NRZ: Freibrief für den Kampf gegen die syrischen Kurden – ein Kommentar von JAN JESSEN

Im Endeffekt ist es egal, wer von Syrien aus den
türkischen Grenzort Akçakale beschossen hat; ob die Granate, die fünf
Zivilisten tötete, von syrischen Soldaten oder von Freischärlern
abgefeuert wurde. Fest steht: Der Angriff hat der türkischen Seite
den willkommenen Anlass dafür geliefert, grünes Licht für
militärische Operationen im Nachbarland zu geben. Ankara wird keinen
großen Krieg gegen Damaskus beginnen, in den die Nato mit
hereingezogen werden könnte; das liegt nicht im Interesse der
Regierung Erdogan, ganz gleich, wie groß ihr Wunsch ist, als
regionale Ordungsmacht wahrgenommen zu werden. Die Türkei will
kurdische Autonomiebestrebungen in Syrien eindämmen.

Der Traum von einem freien, unabhängigen Kurdistan ist in
greifbarere Nähe gerückt, seit der Bürgerkrieg in Syrien losgebrochen
ist. Im Schatten des Konflikts haben sich die Kurden – weitgehend
unbemerkt von der Weltöffentlichkeit – im Norden des Landes Freiräume
geschaffen, sie kontrollieren ganze Städte. Im Nordirak genießen sie
ohnehin seit Jahren einen weitreichenden Autonomiestatus. Auf dem
Berg Kandil im Nordirak hat die kurdische Arbeiterpartei PKK einen
sicheren Rückzugshafen, trotz der Luftangriffe, die die Türkei immer
wieder auf das Nachbarland fliegt. Jetzt will Bagdad die Türkei
zwingen, Militärstützpunkte im Nordirak zu schließen. Und nicht
zuletzt hat die PKK im Frühjahr wieder ihren Guerilla-Krieg im Süden
der Türkei aufgenommen. Die Regierung Erdogan steht wegen dieser
Entwicklungen innenpolitisch mächtig unter Druck.

Der türkische Angriff auf die Region um Tell Abjad war nicht der
erste auf das syrische Kurdengebiet. Schon zu Wochenbeginn – also
lange vor dem Granatenbeschuss auf Akçakale – schossen türkische
Soldaten auf kurdische Freischärler und töteten einen Menschen.
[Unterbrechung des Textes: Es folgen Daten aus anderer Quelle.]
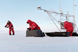 ...Fast forward to 20 August: Following a short detour to the North Pole, we wake up one morning to find ourselves on a new floe. But lo and behold: there's no snow to be seen! There is some white stuff that looks like snow and feels like snow, but in fact this is what's known as the "litter layer", consisting of melted sea ice from which the brine has already leached away. Not letting this put us off, we are keen to get down to the snow measurements right away.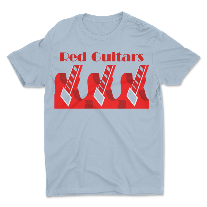 Three Red Guitars: based on the Good Technology (1982-1984) CD sleeve design. Printed on Gildan Heavy T-Shirts using water-based ink, which is PVC and solvent free to help reduce plastic pollution – £16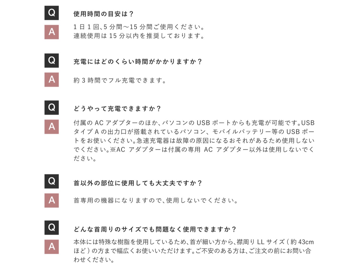 1回約15分、1日2回までを目安に、心地よいと感じる強さでご使用下さい。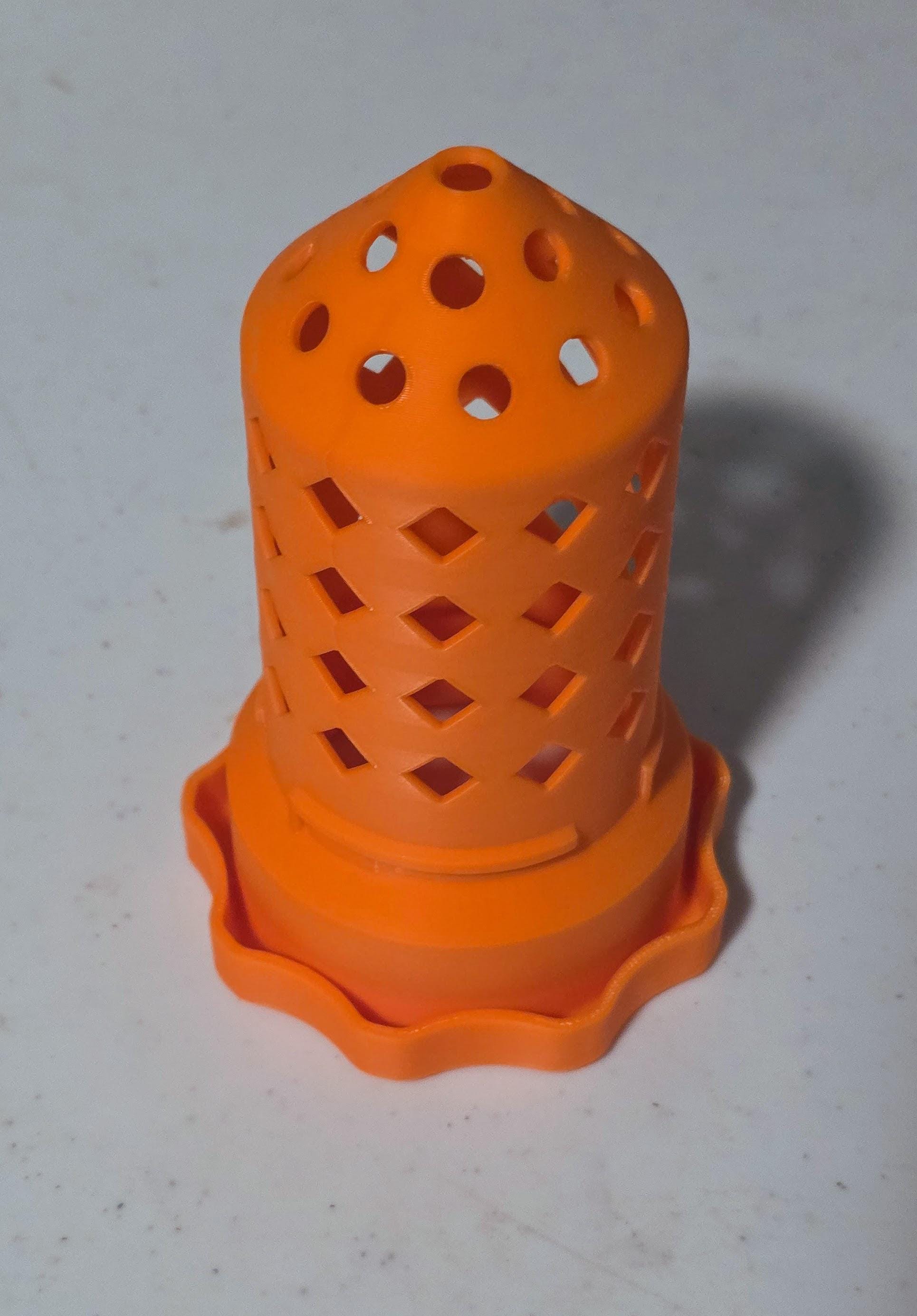 Tower Dimensions Base: 20 × 20 cm (8 × 8 inches) Tower Diameter (without pots): 15 cm (5.9 inches) Pot Diameter: 6 cm (2.4 inches) Height per Module: 13.5 cm (5.3 inches) Full Tower Height: 57 cm (22.5 inches) 🔧 Bottom Installation Instructions If you’re using the included bottom parts, follow these guidelines for proper fitting and durability: Clearance Hole: Cut a hole at 115 mm (4.527") diameter. If using a compass for exact measurements set your compass to 57.5 mm radius and scribe from the lid’s center. Most lids have a small molded mark in the center, which works perfectly for alignment. Drilling Bolt Holes: Use the top lid as a layout pattern to drill 12 clearance holes (.257" diameter — for 1/4-20 bolts, or drill for M6 bolts). Assembly: Place the bottom adapter plate under the lid. Sandwich the lid between adapter plates. Use 3/4" long stainless steel bolts with washers on top and bottom + a nut underneath. Stainless steel is highly recommended to prevent rust.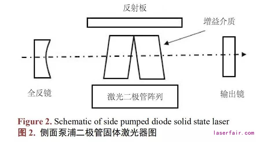 側(cè)面泵浦即橫向泵浦,是指將來自增益介質(zhì)側(cè)面的泵浦光射進到增益介質(zhì)中,并且激光器的模式是沿著增益介質(zhì)的長度進行振蕩。側(cè)面泵浦二極管固體激光器的工作方式是,在板條介質(zhì)的一端用激光二極管陣列,另一端是反射板,使激光大量聚合到增益介質(zhì)中,如圖2所示。通常,為了獲得均勻的激光泵浦分布,側(cè)面泵浦通常采用三向、五向?qū)ΨQ泵浦結(jié)構(gòu)。在五向?qū)ΨQ泵浦結(jié)構(gòu)中,二維陣列封裝在內(nèi)部有冷卻通道的熱沉上,由冷卻劑精確控溫使二維陣列發(fā)射波長在激光晶體的吸收峰附近。冷卻劑同時對激光晶體進行冷卻,激光晶體和二維陣列用石英玻璃管隔開。圍繞著激光晶體棒還設(shè)置了反光塊,用來防止二維陣列的泵浦激光逸出,同時對激光模塊的機械部件進行定位。采取三向、五向?qū)ΨQ泵浦結(jié)構(gòu)的側(cè)面泵浦方式通常能獲得超大功率輸出,側(cè)面泵浦方式被普遍應用于切割太陽能電池板方面的激光劃片、(超)精細雕刻方面的激光打標等需要大功率輸出。

Mit
dem Parlamentsbeschluss von gestern hat sich Ankara jetzt einen
Freibrief dafür verschafft, die Militäroperationen gegen die Kurden
in Syrien auszuweiten und ihre Freiheitsbestrebungen im Keim zu
ersticken. Die ohnehin komplizierte Lage im syrischen Bürgerkrieg –
der längst ein Stellvertreter-Krieg ist, in dem regionale Mächte ihr
eigenes blutiges Spiel spielen – wird noch verworrener. Der Westen
sollte sich nicht auf dieses Spiel einlassen.